Patrick Harvie, the Crocodile Dundee of nationalism

This week she was ready for them.

Last Thursday, Nicola Sturgeon was a jabbering mess under the inquisitive glare of Jackson Carlaw, a man whose interrogation techniques are less The Sweeney, more Hetty Wainthropp Investigates. His idea of roughing up a suspect is correcting their grammar.

The First Minister was poorly prepared for questions about Alex Salmond. She looked shifty — a wrong’un.

Yesterday she brought her best stony face. She looked like the head of a problem family fighting an eviction order. They’ve obviously been up to no good but they know their rights and ain’t sayin’ nuffin without speaking to their brief.

Her squad brayed and jabbed their fingers at the opposition benches, barely able to keep their seats as their exasperation levels went from mild frustration to Christina McKelvie doing long division.

For those keeping count at home, there are now five investigations under way. There’s a parliamentary inquiry, a government inquiry, a ministerial code inquiry, an Information Commissioner inquiry, and a police inquiry. Never let it be said that this government isn’t a job creator.

Jackson Carlaw’s every attempt to elicit more information about what Sturgeon knew and when she knew it — the Nixon questions — was rebuffed by precisely worded replies. ‘It is time to respect the inquiries that opposition members have called for and that I and my government have supported.’

It was important to remember the two women at the centre of this, Sturgeon said. You could hardly forget them if you keep having secret meetings with the subject of their allegations. Anyway, her feminist turn didn’t last long and soon she was talking up independence.

That is how she hopes to distract voters from her role in what Carlaw called ‘this tawdry business’, like a Kirk elder who had caught the minister’s wife trying to pass off an M&S walnut loaf as her own in the church fete baking contest.

Keeping schtum is a canny strategy for a party one public brawl away from its own Jeremy Kyle special but makes for a dull question and answer session. Besides, as Carlaw pointed out, the First Minister is only refusing to respond in the chamber; her special advisers are still briefing journalists behind the scenes. Off-the-record phone calls to political correspondents — that’s how you respect a parliamentary inquiry.
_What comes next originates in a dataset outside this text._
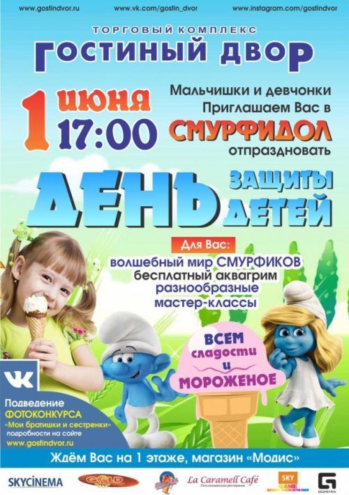 Через час, в 17.00, начнётся праздничная программа в ТРК «Гостиный двор». Гостей приглашают в страну «Смурфидол». Сказочные персонажи проведут конкурсы и викторины. Девочкам заплетут косички. Ребятам предлагают поучаствовать в мастер-классах, порисовать цветным песком, сфотографироваться в фотозоне. Они увидят выступление танцевального коллектива DancePeople. Мастера сделают бесплатный аквагрим. Детям будут раздавать сладости, мороженое и воздушные шары.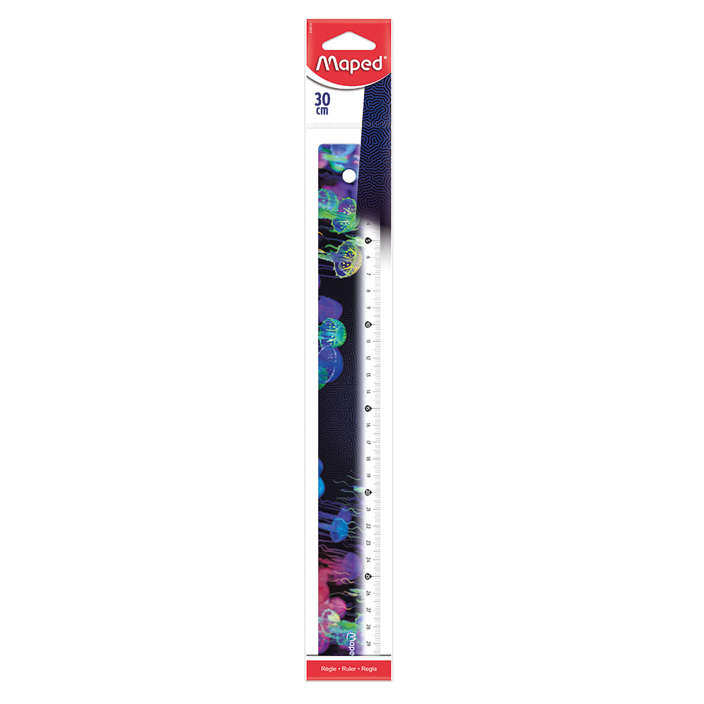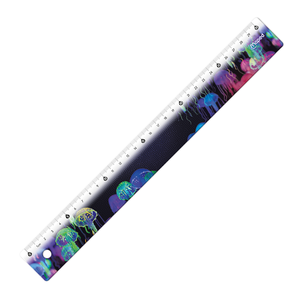 Линейка пластиковая «DeepSea Paradise» от бренда Maped длиной 30 см выполнена из прочного ударостойкого пластика. Обладает перманентной градуировкой с четкими делениями, сохраняющимися до конца срока службы изделия, и усиленным выделением через каждые 5 см. Трендовый прозрачный дизайн с медузами и безопасные закругленные углы делают её отличным выбором для школьников и студентов.

Carlaw having got heehaw, it didn’t look promising for Richard Leonard. But the Scottish Labour leader ended up teasing out the two most newsworthy nuggets from the proceedings. First, he queried whether Sturgeon would hand over all relevant documents — not just government memos but internal SNP ones too.
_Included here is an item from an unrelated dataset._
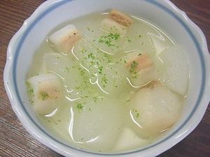 【レシピブログの白だしを使った「ホメられ料理」レシピコンテスト参加中】 割烹白だしの料理レシピ冬瓜と麩の白だし汁(ネーミングがイマイチ・・・・・( ̄。 ̄ )ボソ...)【材料】2人前・姫冬瓜 5cm (普通の冬瓜3cm分)・麩 10個・水 500cc・ヤマキの白だし 大2・酢橘 1個(柚子、小口のネギでもよい)【作り方】1 冬瓜は一口大の大きさに切る。麩は、分量外の水で戻しておく。2 鍋に水を入れ冬瓜入れて蓋をして柔らかくなるまで煮る。3 白だしと麩を入れて、弱火で1分煮る。4 器に汁と一緒に入れて、酢橘の皮をすりおろして飾る。(柚子、ネギでもよい) 冬瓜は、利尿作用があってむくみに効くそう。成分の溶けだした汁も一緒に飲みます。汁をたっぷり吸った麩が美味しい。冬瓜はとろけて、白だしの美味しい汁がじわ~。昨日の晩ご飯は、カンパチの刺身と鰹のたたきがメイン本当は、鰹のたたきだけのつもりが、母からカンパチの刺身をもらったので、豪華になった。イカの煮付けキャベツのコールスローサラダ明太子 ポチッとお願いします。 今日は、午前中は家庭菜園で冬野菜の作業。今から、にゃんこの風呂です。嫌がらないかな?猫まっしぐら・・・というコマーシャルが昔ありましたが、試してみました。私の声がちょっと入っています。モラタメで試すで、キャットフード「猫の王国 アロマブレンド」を使いました。ドライフードの上に少しだけおかずとして乗せました。気に行ったみたいです。
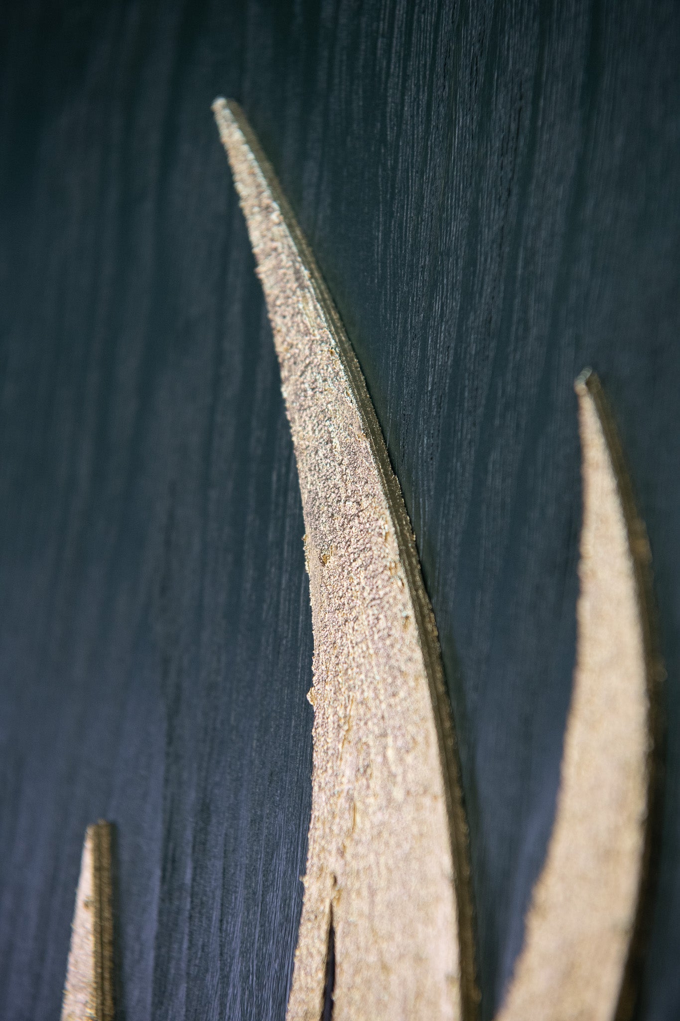 Το βαθύ πράσινο φόντο αναδεικνύει τα νερά του ξύλου, ενώ η χρυσή υφή δημιουργεί μοναδική λάμψη και κομψότητα.

‘We will provide whatever material they request,’ Sturgeon ventured, hesitantly. If you have shares in shredders, I’d hold onto them.

The second titbit extracted by Leonard was on the chairmanship of the parliamentary probe. Under Holyrood’s rules, it’s the SNP’s turn. He asked: ‘Will it step aside and ensure that an MSP from another party chairs the inquiry?’

Heads turned in the First Minister’s direction and finally the human form of ‘no comment’ had something to say: ‘It is not me who is establishing the inquiry and it is not me who will decide who will conduct the inquiry.’

A murmur rippled through the chamber. She didn’t seriously think her party could investigate itself, did she? Scotland might be run by Govanhill’s answer to the Ceaușescus but we’re not yet a banana republic.

Patrick Harvie, a little man with a high horse, used his questions to scold Messrs Carlaw and Leonard for quizzing Sturgeon on Salmondgate. You can’t ask questions of the First Minister in here. This is First Minister’s Questions.

Instead, they should be talking about Brexit, which was ‘the biggest political crisis for generations’. Not even in the next breath but the same one, he urged Sturgeon to press ahead with a second independence referendum. He’s the Crocodile Dundee of nationalism: ‘That’s not a political crisis. This is a political crisis.’